An FPGA-Based LOCO-ANS Implementation for Lossless and Near-Lossless Image Compression Using High-Level Synthesis

In this work, we present and evaluate a hardware architecture for the LOCO-ANS (Low Complexity Lossless Compression with Asymmetric Numeral Systems) lossless and near-lossless image compressor, which is based on JPEG-LS standard. The design is implemented in two FPGA generations, evaluating its performance for different codec configurations. The tests show that the design is capable of up to 40.5 MPixels/s and 124 MPixels/s per lane for Zynq 7020 and UltraScale+ FPGAs, respectively. Compared to the single thread LOCO-ANS software implementation running in a 1.2 GHz Raspberry Pi 3B, each hardware lane achieves 6.5 times higher throughput, even when implemented in an older and cost-optimized chip like the Zynq 7020. Results are also presented for a lossless only version, which achieves a lower footprint and approximately 50% higher performance than the version that supports both lossless and near-lossless. Interestingly, these great results were obtained applying High-Level Synthesis, describing the coder with C++ code, which tends to establish a trade-off between design time and quality of results. These results show that the algorithm is very suitable for hardware implementation. Moreover, the implemented system is faster and achieves higher compression than the best previously available near-lossless JPEG-LS hardware implementation.

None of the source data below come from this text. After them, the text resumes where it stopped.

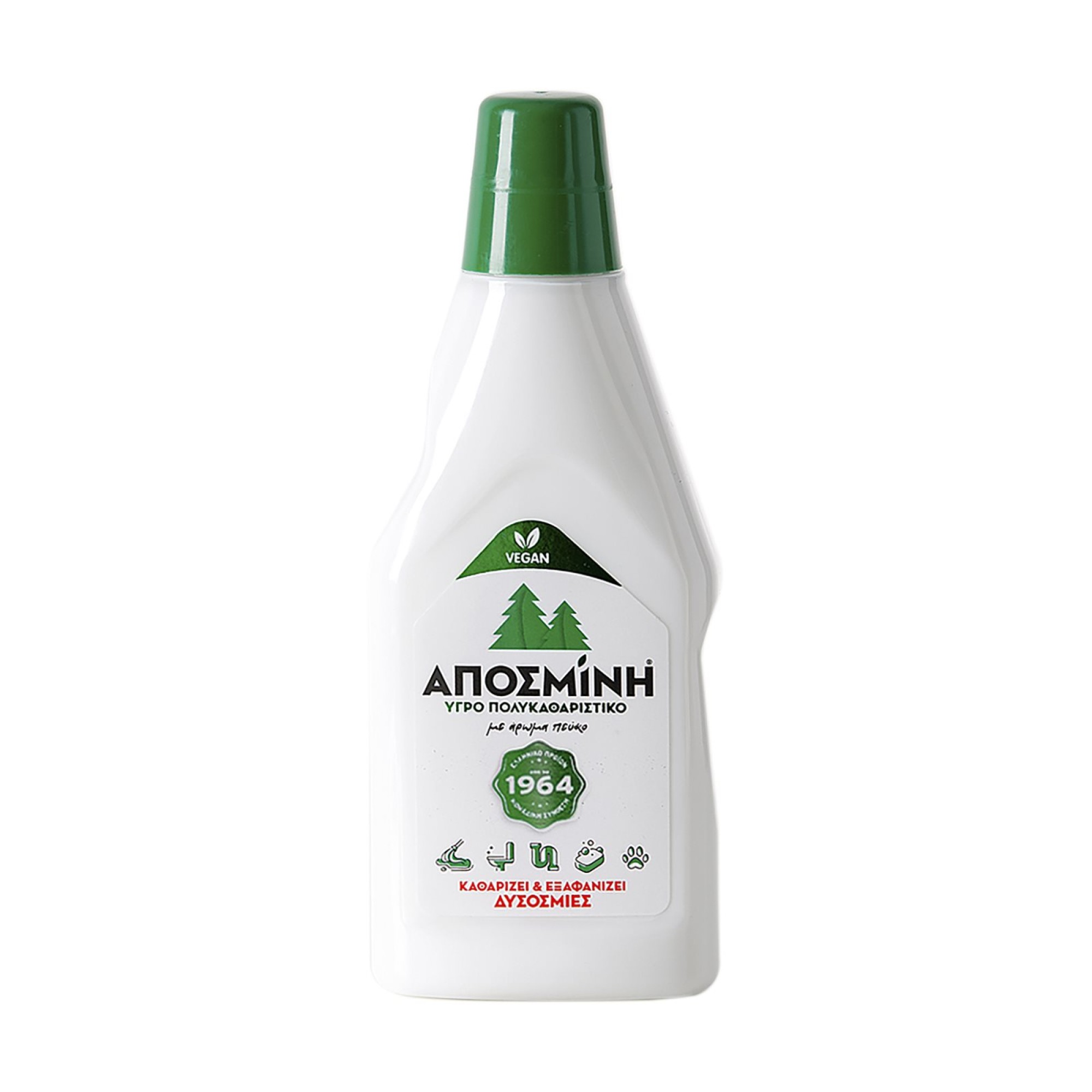Η Αποσμίνη είναι υγρό αποσμητικό σκεύασμα. Χρησιμοποιείται στο σφουγγάρισμα, την λεκάνη, το νιπτήρα, το νεροχύτη, τα σιφώνια και όπου αλλού μπορεί να υπάρχει δυσοσμία.
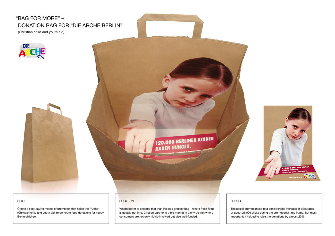 This professional campaign titled 'Bag' was published in Germany in November, 2007. It was created for the brand: Die Arche, by ad agency: Atletico. This Ambient medium campaign is related to the Public Interest industry and contains 1 media asset. It was submitted over 17 years ago.
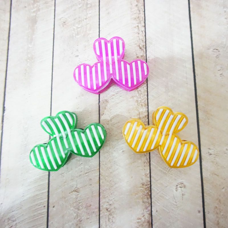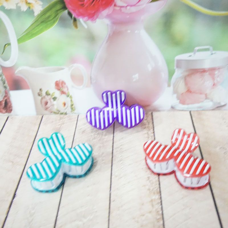 Jepit rambu dengan desain love dan terdapat corak garis garis pada jepit membuat penampilan anda terlihat cantik
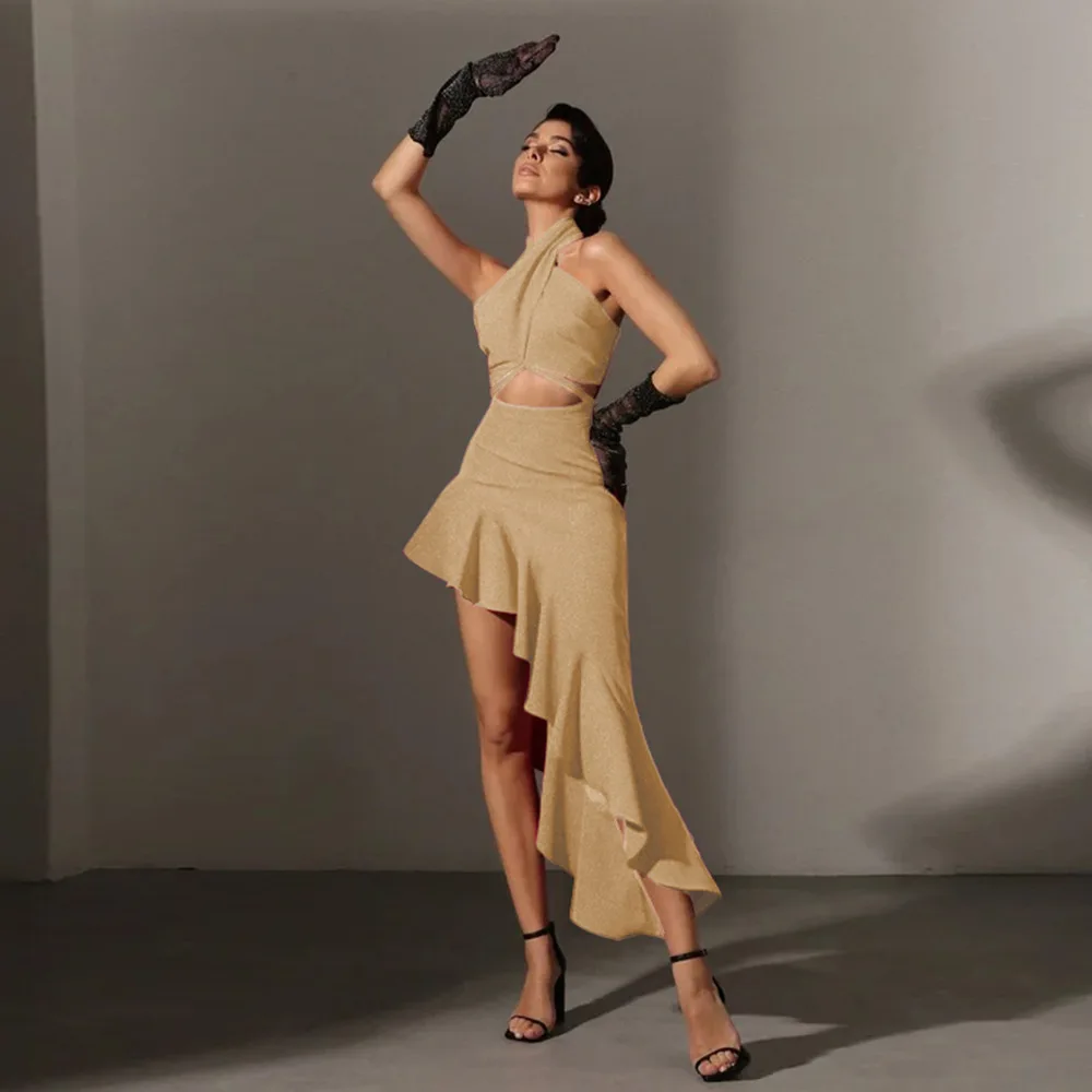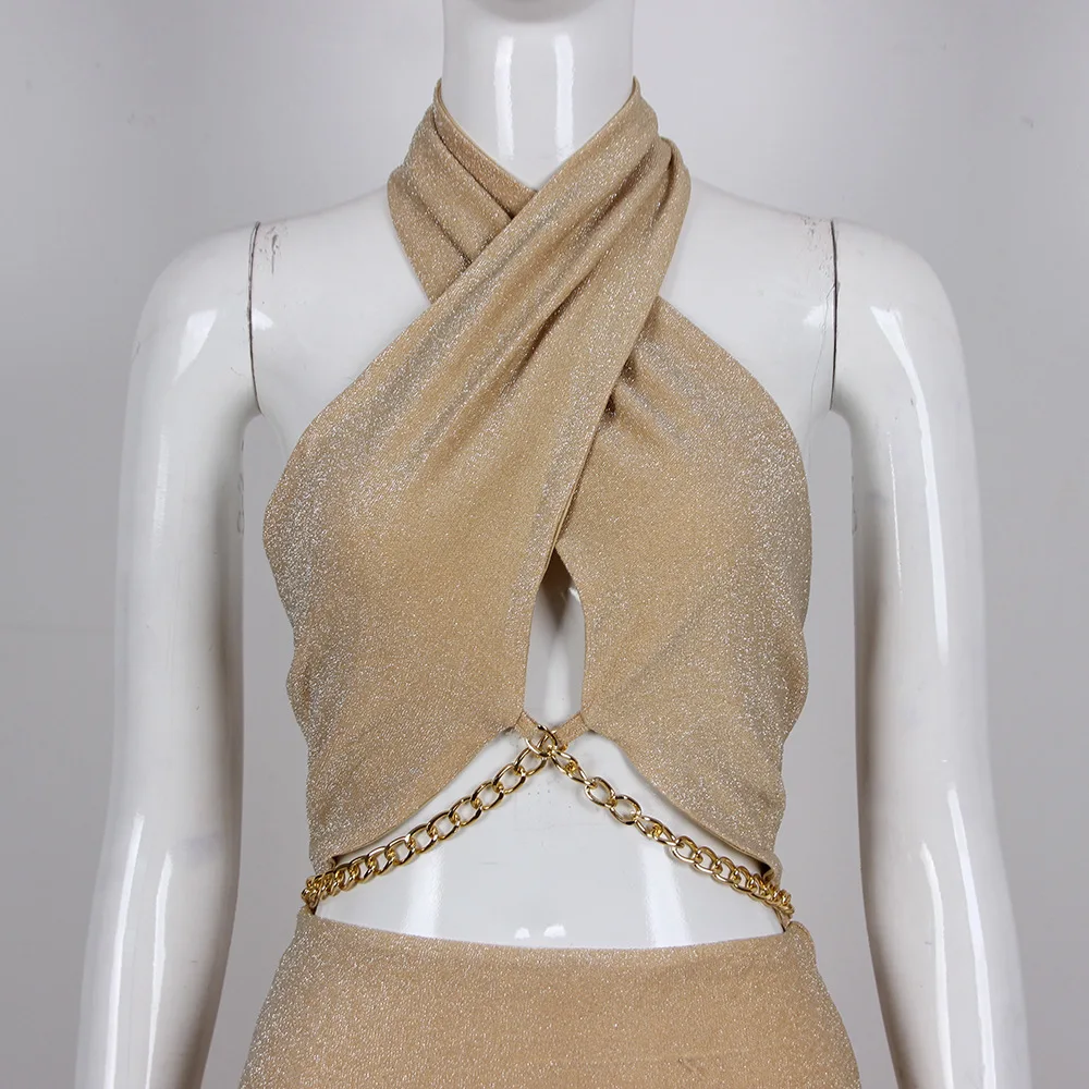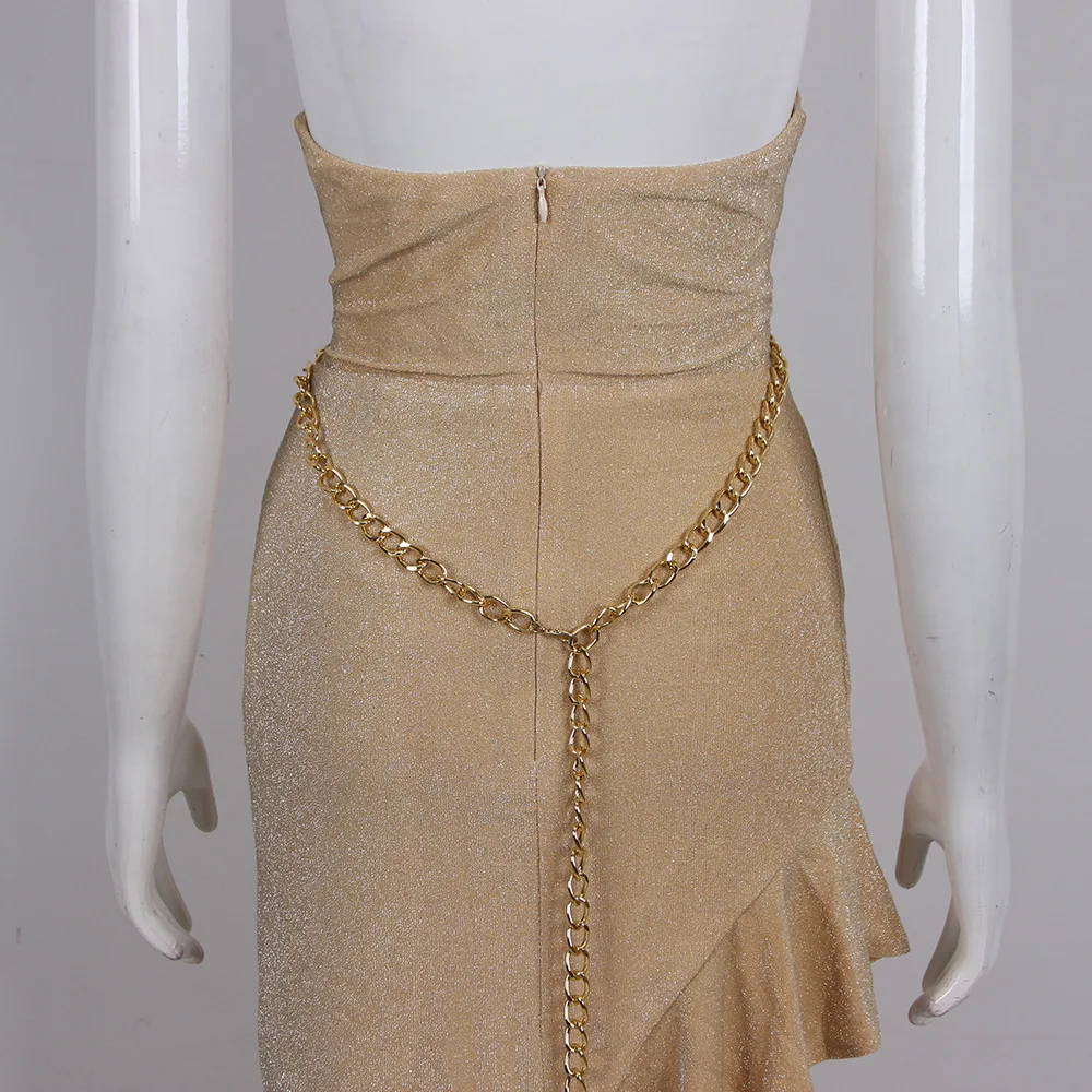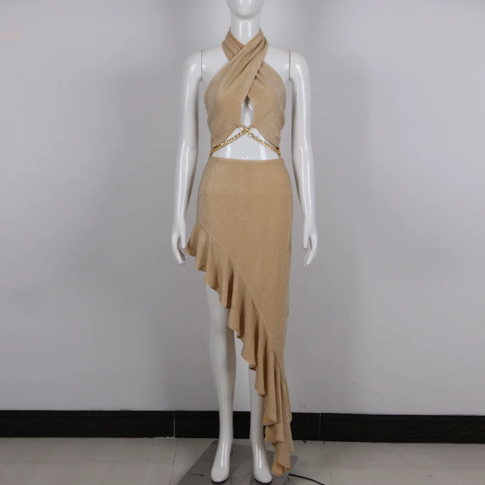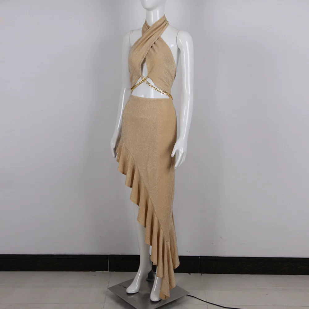 Halter Woman Dress Sexy Backless New Style Summer Ruffles Wrap Hip Long Vestidos Fashion Party Irregular Chain Evening Dresses

Color Image Compressor using Discrete Wavelet Transform and Block Based Image Coding

In the present time of sight and sound, the necessity of picture/video stockpiling and video playback, transmission for video conferencing, picture and video recovery and so forth are expanding exponentially. Thus, the need of better pressure innovation is consistently popular. Present day applications, notwithstanding high pressure proportion, additionally interest for proficient encoding and deciphering forms, with the goal that computational imperative of some continuous applications is fulfilled. Two broadly utilized spatial space pressure systems are discrete wavelet transform and multilevel block truncation coding (BTC). DWT method is used to stationary and non-stationary images and applied to all average pixel value of image. Muli-level BTC is a kind of lossy picture pressure strategy for greyscale pictures. In this,the unique picture is partitioned into squares and after that uses a quantizer to decrease the quantity of dark levels in each square while keeping up a similar mean and standard deviation. In this paper is studied of Multi-level BTC and DWT technique for gray and color image.